W czwartek, 9 października, w Sądzie Okręgowym w Warszawie odbył się rozwód aktora i kostiumolożki. Według nieoficjalnych ustaleń "Faktu" ekspartnerzy mieli dojść do porozumienia jeszcze przed wejściem na salę. Do sądu przybyli osobno około godziny 9:00.

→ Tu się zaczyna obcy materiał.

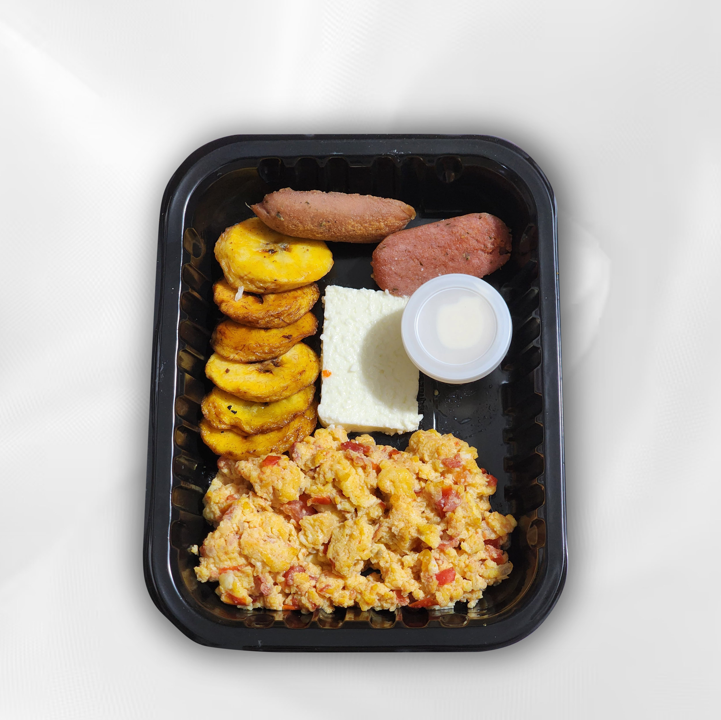 Deliciosos huevos revueltos acompañados de queso fresco, longaniza, platanos fritos, crema y chirmol.
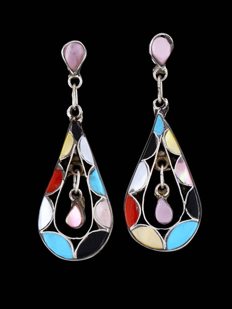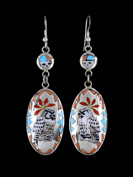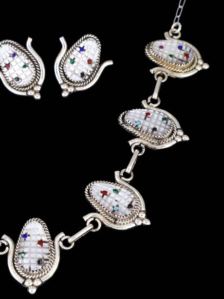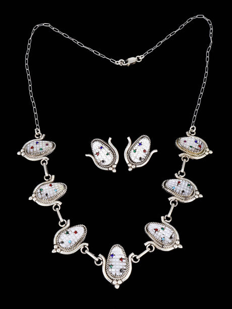 Sterling Silver Zuni Inlay Corn Maiden Necklace and Earrings Set
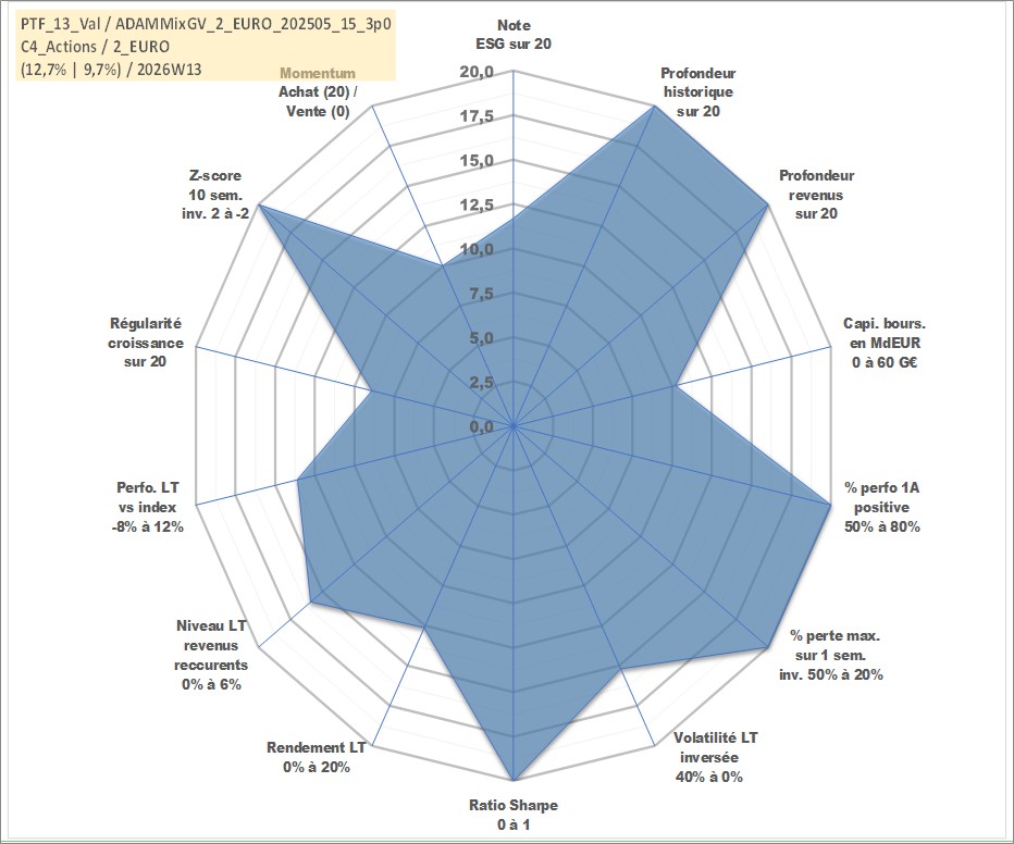 Site dédié aux investisseursPage dédiée sur site financeAnalyse des valorisations hebdomadaires du portefeuille ADAMMixGV_2_EURO_202505_15_3p0_13actifs avec un profil P6_PurActions. Ce portefeuille est cote en EUR. Les valorisations couvrent les semaines 1997W01 a 2026W13. Les revenus de cet actif financier sont pris en compte depuis la semaine 1997W01. La note globale ESG de cet actif est estimee a 11.7 (apres rebasage entre 0 et 20).
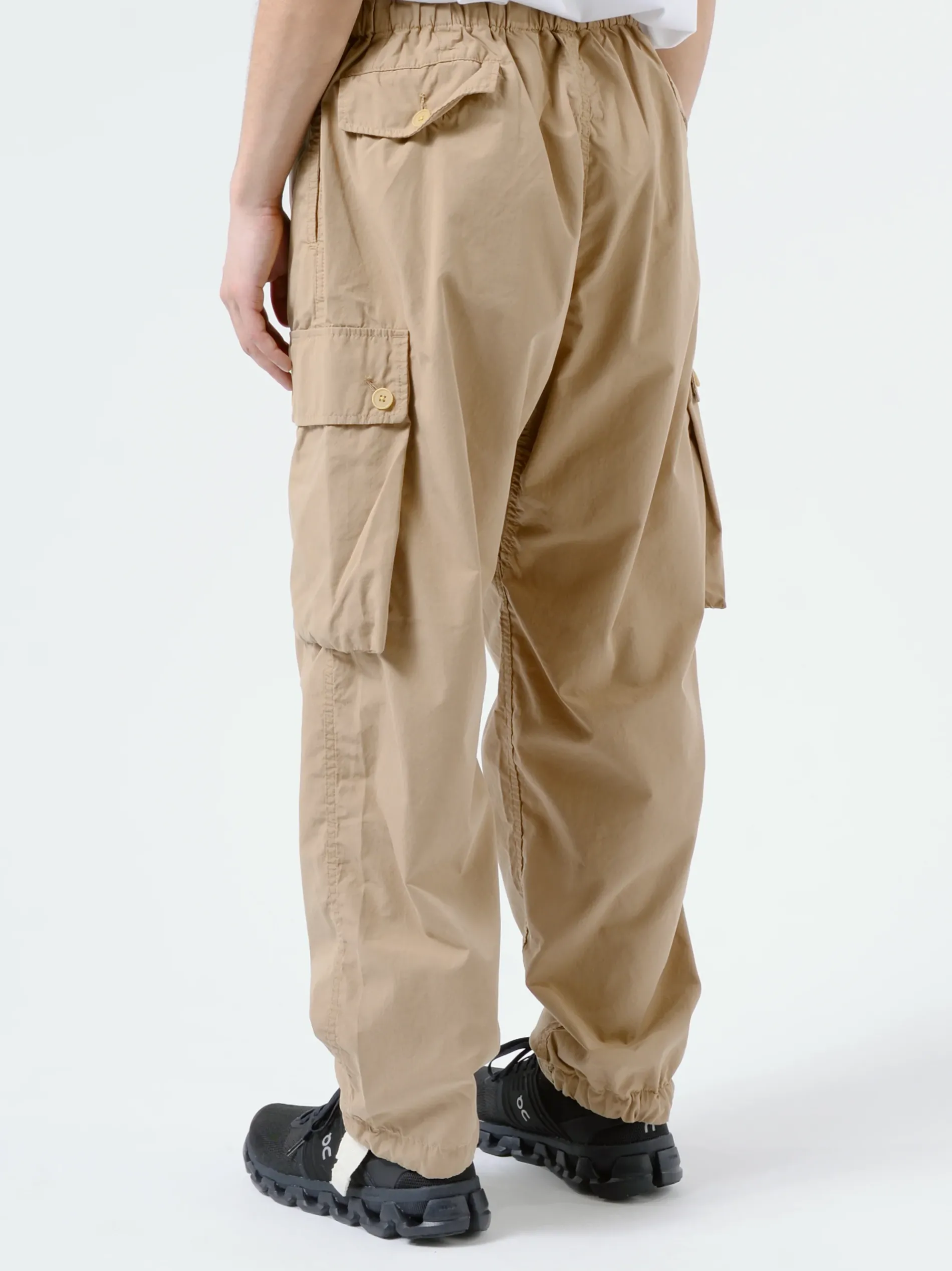 Nanamica cargo pants uses broadcloth made of covering core yarn with a polyester core wrapped in cotton. The pocket design is based on the military cargo pants from the 50s.

Jak donosi wspomniany wyżej tabloid, tuż przed ogłoszeniem wyroku w sądzie zapanowała nerwowa atmosfera. W przerwie aktor miał z trudem panować nad emocjami. "Fakt" opisuje, że dyskutował z ochroną, gestykulował, a nawet podniósł głos. Po chwili razem z matką swoich dzieci zamknął się w osobnym pomieszczeniu, gdzie pozostali aż do ponownego wezwania na salę rozpraw i ogłoszenia wyroku. Gmach sądu opuścili osobno, nie decydując się na rozmowę z mediami.
Zobaczcie zdjęcia.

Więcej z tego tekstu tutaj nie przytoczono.